One hundred and sixty villages will be randomized to deliver COACH or CAU to eligible subjects who reside there (approximately 15 per village will meet criteria), or a total of about 2400 subjects. Treatment will continue for one year, with research evaluations at baseline, 3 6, 9, and 12 months.

Specific aims of the study are to determine whether COACH is more effective than CAU in treating depression (Aim 1) and HTN (Aim 2); whether improvements in treatment adherence precede reductions in depression and improvement in BP control (Aim 3a), and whether improvements in depression symptoms precede improvements in BP control (Aim 3b); if COACH is associated with greater improvements in health related quality of life than CAU (Aim 4); and to compare the costs associated with each approach (Aim 5).

Study Type

Interventional

Enrollment (Actual)

2685

Phase

  • Not Applicable

Contacts and Locations

This section provides the contact details for those conducting the study, and information on where this study is being conducted.

Study Locations

      • Hangzhou, China, 310007
        • Zhejiang Provincial Committee on Aging
      • Hangzhou, China, 310051
        • Zhejiang Provincial Center for Disease Control and Prevention
    • Zhejiang
      • Hangzhou, Zhejiang, China, 310058
        • Zhejiang University
    • Louisiana
      • New Orleans, Louisiana, United States, 70112-2709
        • Tulane University
    • Michigan
      • Ann Arbor, Michigan, United States, 48109-1274
        • Regents of the University of Michigan
    • New York
      • Rochester, New York, United States, 14642
        • University of Rochester Medical Center
    • Pennsylvania
      • Philadelphia, Pennsylvania, United States, 19104-6205
        • University of Pennsylvania

Participation Criteria

Researchers look for people who fit a certain description, called eligibility criteria. Some examples of these criteria are a person's general health condition or prior treatments.

Eligibility Criteria

Ages Eligible for Study

60 years and older (Adult, Older Adult)

Accepts Healthy Volunteers

No

Genders Eligible for Study

All

Description

Inclusion Criteria:

  • Community-dwelling residents registered to the selected village, and thus also registered patients of the village's PCP.
  • Age ≥ 60 years, the typical retirement age in rural China.
  • Clinically significant depression defined as baseline PHQ-9 score ≥ 10.
  • Diagnosis of hypertension
  • Intact cognitive functioning (6-Item Screener score <3) to assure ability to participate with the treatment team in management of their conditions.
  • Capable of independent communication
  • Capacity to give informed consent.

Exclusion Criteria:

  • Incapable (no capacity) of giving verbal consent to this study.
  • Acute high suicide risk at baseline assessment. Patients assessed to be dangerously suicidal at later assessments will be discontinued from the study, their providers notified, and their safety guaranteed.
  • Psychosis, alcoholism. We exclude patients with psychosis or active alcoholism in the past 6 months.

Study Plan

This section provides details of the study plan, including how the study is designed and what the study is measuring.

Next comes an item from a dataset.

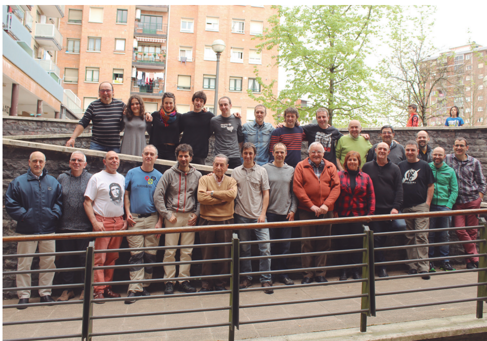
Bertso eskolako kide eta kide ohiek elkarrekin bazkaldtu zuten Xirimiri elkartean

How is the study designed?

Design Details

  • Primary Purpose: Treatment
  • Allocation: Randomized
  • Interventional Model: Parallel Assignment
  • Masking: None (Open Label)

Arms and Interventions

Participant Group / Arm
Intervention / Treatment
No Intervention: Care as usual
Experimental: Collaborations in Health (COACH)
COACH integrates the care provided by the older person's primary care provider (PCP) with that delivered by an Aging Worker (AW; a lay member of the village's Aging Association), supervised by a psychiatrist consultant. Based on chronic disease management principles, the PCP is trained to use evidence based practice guidelines for treatment of both HTN and depression, and provided with access to mental health consultation regarding optimal management of the patient's depression. The AW is trained to conduct a systematic assessment of the older person's social context to identify and reduce social and environmental barriers to treatment adherence and response. AWs participate with the PCP in developing multi-disciplinary care plans for their shared patients, reinforce treatment adherence and adoption of healthy behaviors, and emphasize activation and engagement of the older person in activities designed to improve their connectedness to others and to the community.
Primary care provider, aging worker, and Psychiatrist Consultant are trained to collaborate in their shared clients' care.

What is the study measuring?

Primary Outcome Measures

Outcome Measure
Measure Description
Time Frame
Depressive symptom change
Time Frame: baseline, 3-, 6-, and 12-month follow up
The measure for depressive symptom change will be the Hamilton Depression Rating Scale.
baseline, 3-, 6-, and 12-month follow up

Secondary Outcome Measures

Outcome Measure
Measure Description
Time Frame
Adherence to antidepressant and antihypertensive medication recommendations
Time Frame: baseline, 3-, 6-, 9-, and 12-month follow up
First, the Morisky Medication Adherence Measure will be used. Secondly, a Medication Possession Ratio will be used-a combination of pill counts and verification of pharmacy refills.
baseline, 3-, 6-, 9-, and 12-month follow up

Other Outcome Measures

Outcome Measure
Measure Description
Time Frame
Hypertension
Time Frame: baseline, 3-, 6-, 9-, and 12-month follow-up
Blood pressure readings will be taken at baseline and at follow-ups.
baseline, 3-, 6-, 9-, and 12-month follow-up
Health related quality of life
Time Frame: baseline, 3-, 6-, 9-, and 12-month follow up

Quality of life will be measured using the World Health Organization Quality of Life- short version, WHOQOL-BREF.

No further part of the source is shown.